Cristiano Ronaldo’s exceptional performance in Portugal’s opening World Cup match against Spain on Friday is only one facet of his challenge to Spanish authority.
After all, the wizard soccer player appears to have just agreed to a deal with Spanish prosecutors to pay just less than $22 million in fines and accept a two-year suspended prison sentence. While Ronaldo won’t spend a day in prison (Spain has weird laws) the financial penalty follows allegations that Ronaldo engaged in a complex series of arrangements to avoid paying tax on his earnings as a player for Real Madrid. While other top flight soccer players like Lionel Messi and Neymar have also been caught up in tax controversies, Ronaldo’s offense will carry special pain in Spain.

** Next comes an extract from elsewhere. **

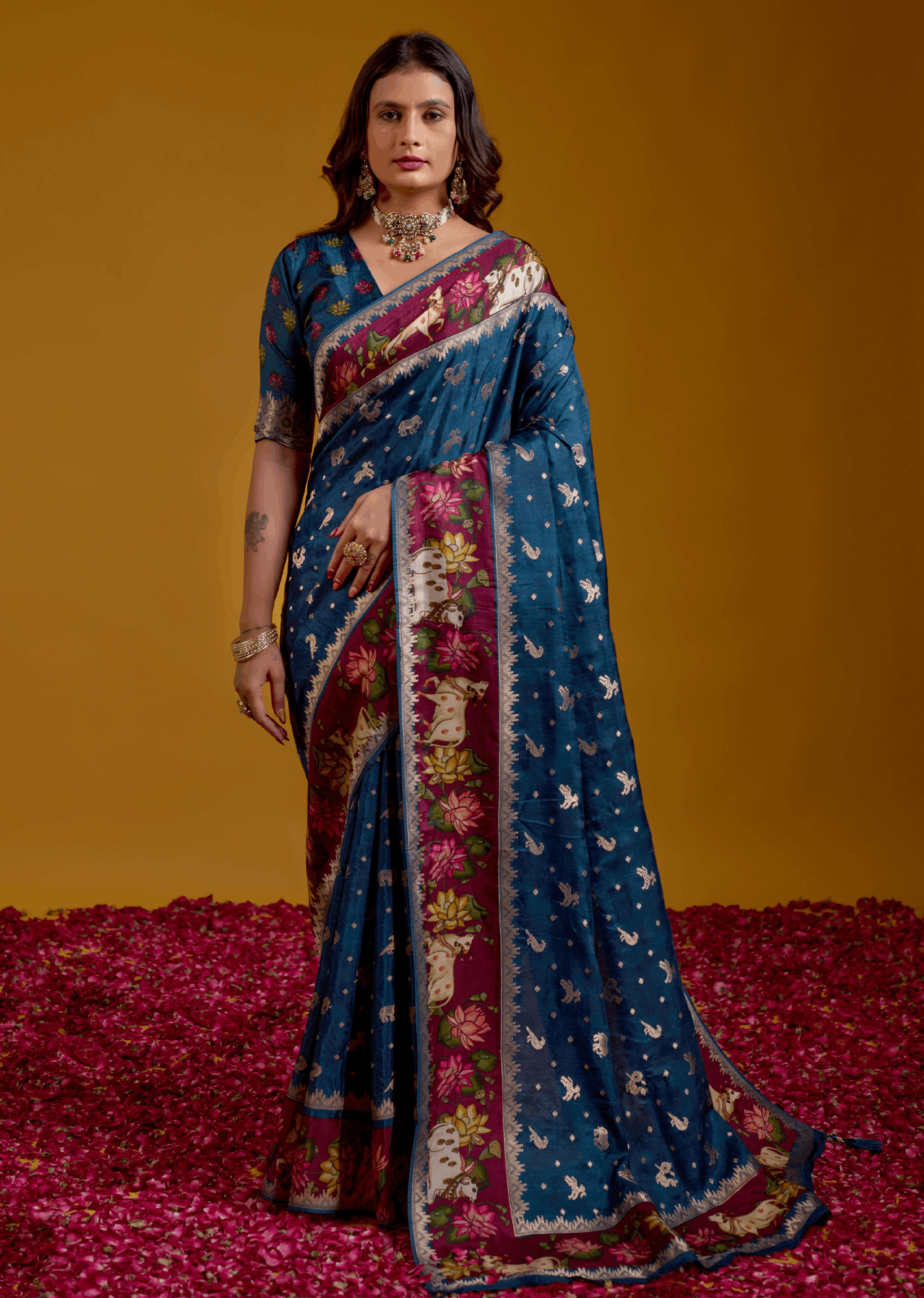 Elevate your festive wardrobe with this exquisite azure viscose saree, designed to captivate with its intricate Pichwai-inspired motifs and elegant floral borders. The vibrant pallu adds a striking touch, making it the perfect festive saree for celebrations where tradition meets modern sophistication. Crafted from lightweight fabric, it ensures effortless comfort and style, ideal for all-day wear. This stunning saree seamlessly blends heritage with contemporary charm, creating a bold and graceful statement. Pair it with striking accessories to enhance its beauty and make a lasting impression at weddings, parties, and cultural events.

Ronaldo’s hat trick in Friday’s match proves that he has the skill, resolve, and form to lay waste to Spanish aspirations at the World Cup. Disappointment by their 2014 failure to replicate their 2010 victory in South Africa (Spain didn’t even make it past the group stage) the Spanish see Russia as the place to show their dominance to the world. On paper, they have the quality and depth to succeed.
Except, it seems, for Cristiano “the taxman” Ronaldo. The 33-year-old appears to see himself as an heir to the heroes of 1762!